Hamada pointed out that Israel had already begun commercial gas production, while Cyprus had started exploration in more than one location.
In a conversation with Al-Akhbar, Hamada warned that any further delays in Lebanon’s efforts to implement gas projects would force it to deal with these projects and security arrangements as a fait accompli down the road.
While Lebanon is busy with endless debates, Israel is rushing to put the final touches on its bid to export gas to Europe.
Four years ago, Al-Akhbar published a statement by Israeli Minister Yossi Peled on September 25, 2010 that highlighted the Israeli stance on Lebanon becoming a gas producer country.
Peled, appearing before the Knesset Economic Committee at a special hearing on the oil and gas sector, said that Lebanon had large gas fields similar to the ones Israel had discovered. He cautioned that the Europeans, who were looking for alternatives to Russian gas, had initiated negotiations with Lebanon, saying, “Imagine what it would mean if this country became a gas producer,” something he claimed had equally alarming economic and security implications.

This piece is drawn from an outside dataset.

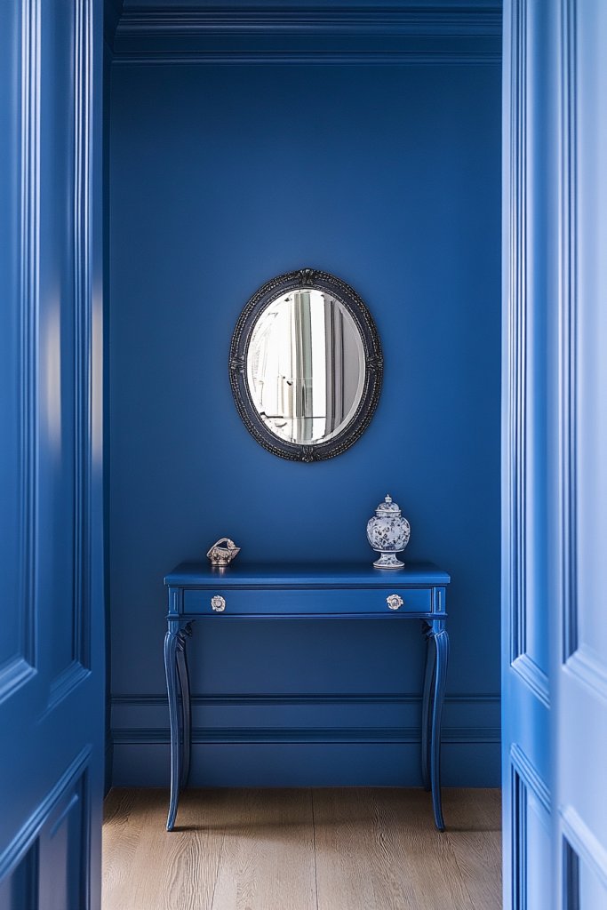 Imagine stepping into a foyer where the walls are painted in a muted peacock blue, complemented by a simple, elegant console table in warm wood. Soft, layered lighting highlights the rich hue without overpowering the space. The overall effect is calm and sophisticated, with just enough color to spark curiosity. A textured runner or patterned wallpaper on adjacent walls can add subtle interest.

Although Israel managed to pinpoint the challenges it faced, it did predict at the time – and wager on – Lebanon’s complacency. In response to Peled’s warnings in the Knesset, Israeli daily Globes, in a front-page editorial on October 5, 2010, stated:
“Israeli sources who follow events in Lebanon are convinced that, at the current rate of progress, the Lebanese will award the first licenses this year , and will start exploratory drilling within a year. The same sources believe that Lebanon will quickly be able to close the gap between it and Israel, and become a real competitor.
“Past experience shows that Israel has no immediate reason for fear. Lebanon's natural resources will arouse internal (and external) conflicts no less severe than Israel's natural resources have provoked here …
“The oil giants will not rush to invest billions in a country where it is not clear who is in control, and where so many other countries openly interfere.”
Israel was proven right. Nothing in Lebanon is exempt from being the object of division and polarization, and thus, obstruction, including the oil and gas sector.
Meanwhile, Turkey is also trying to expand in the eastern basin through northern Cyprus, with a view to reduce its dependence on oil imports from Iran and gas imports from Russia.
Ankara is seeking to build a network of onshore and offshore gas pipelines, to act as an energy transit hub between East and West.